Честно скажу, схема не понравилась никому, так как и продолжительность рабочего дня очень сильно «плавала»: восьмичасовых рабочих дней вообще не осталось, зато появились и шестичасовые, и десятичасовые смены, а для молодых, только что из ФЗУ парней и четырехчасовые смены пришлось организовать — но заводы теперь работали даже без остановки производства на обед. А то, что теперь рабочая неделя стала не сорокавосьмичасовой, а длилась от пятидесяти до пятидесяти двух часов — на это и руководство заводов, и сами рабочие особого внимания решили не обращать. Во-первых, по закону за «сверхурочные» оплата шла в полуторном размере, а лишние деньги никому еще не мешали. А во-вторых, все прекрасно понимали, что продукция заводов стране нужна исключительно сильно, ведь на западе фашисты почти все разрушили и всем на самом деле хотелось тамошним жителям помочь побыстрее восстановить порушенное. И побыстрее начать работу «для достижения всеобщего блага».

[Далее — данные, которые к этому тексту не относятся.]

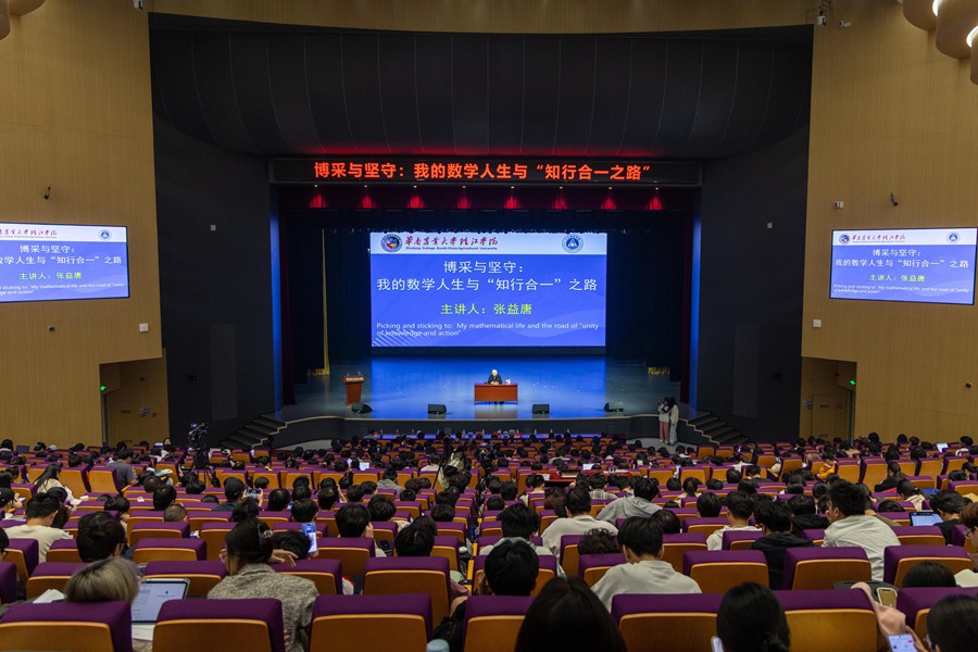 演讲中,张益唐以华珠“知行合一,笃行致远”的校训为引,从明代思想家王阳明的“知行合一”理念展开,结合自身数十年学术历程,阐释了一名数学家如何将知识积累转化为解决重大问题的能力。张益唐认为,“知行合一”对数学家而言,意味着将长期积累的数学工具与解决实际难题的行动相统一。“数学研究不是孤立的定理推导,而是运用所学工具突破瓶颈的过程。”他指出,正是在孪生素数猜想研究中,他运用早年积累的代数几何工具,才最终实现关键突破。
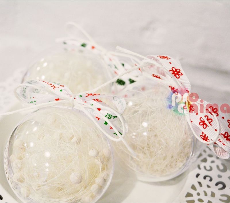 Прозрачна пластмасова топка за декориране, състояща се от две части. Подходяща за различни видове декорация, както от вътрешната, така и от външната страна.

Кроме двух (точнее, уже трех, с учетом «доменных электростанций) агрегатов заводы приступили и к серийному выпуску разработанных переехавшими в Ворсму харьковчанами и ленинградцами 'малых электростанций» мощностью в пятьсот сорок киловатт. Правда, таких заводы пока что делали по паре штук в неделю, а «госзаказ» на такие станции только на сорок пятый год составлял порядка трех сотен установок. Точнее, так как в Госплане все же сидели не полные идиоты, в «твердый план» было включено лишь около восьмидесяти таких электростанций, а в довесок к плану прилагался список «потенциальных клиентов», на которые в указанном порядке следует отправлять уже сверхплановые агрегаты. Причем исключительно «за сверхплановые деньги»: за каждое такое «дополнительное» изделие заводам государство обещало платить как и за сверхурочную работу, то есть «в полуторном размере». Сами по себе деньги мало кого интересовали, но под эти деньги заводам и «фонды» должны были выделить, фонды на получения разнообразной остродефицитной продукции. Те же краны водопроводные сейчас в магазинах и купить было практически невозможно, опять же плиты газовые, да и вообще очень много чего. То есть в дефиците в стране было вообще все, это только в области хотя бы продукты дефицитом не являлись.
Но и «дефициты» постепенно устранялись, а один «дефицит» меня даже порадовал: не знаю, как по всей стране, а в окрестностях Горьковской области возник серьезный такой дефицит дураков. Во Владимирской и Рязанской областях в деревнях и селах мужики и бабы как-то очень быстро сообразили, что кормить тех же кур по сути дела соломой и прочими отходами весьма выгодно — и там тоже уже почти в каждой деревне люди активно приступили к червяковыращиванию. Да и насчет «бесплатного удобного топлива» у народа там все подозрения пропали — вот только страна успешно с дефицитом боролась и по части дураков. Ладно в селах газовых заводиков понаставили, так в одном Горьком их уже десятка полтора возвели — а вот чем микроба в реакторе кормить, заранее не подумали. Солому сорок четвертого года выпуска полностью себе колхозы подгребли, и там уже и с месторождениями камыша и осоки начались определенные проблемы, так что в городах с прокормом микробов ситуация сложилась исключительно напряженная. Да, микроба можно и торфом кормить — но ведь этот торф нужно все же заранее запасти, зимой его ведь и не подобываешь особо!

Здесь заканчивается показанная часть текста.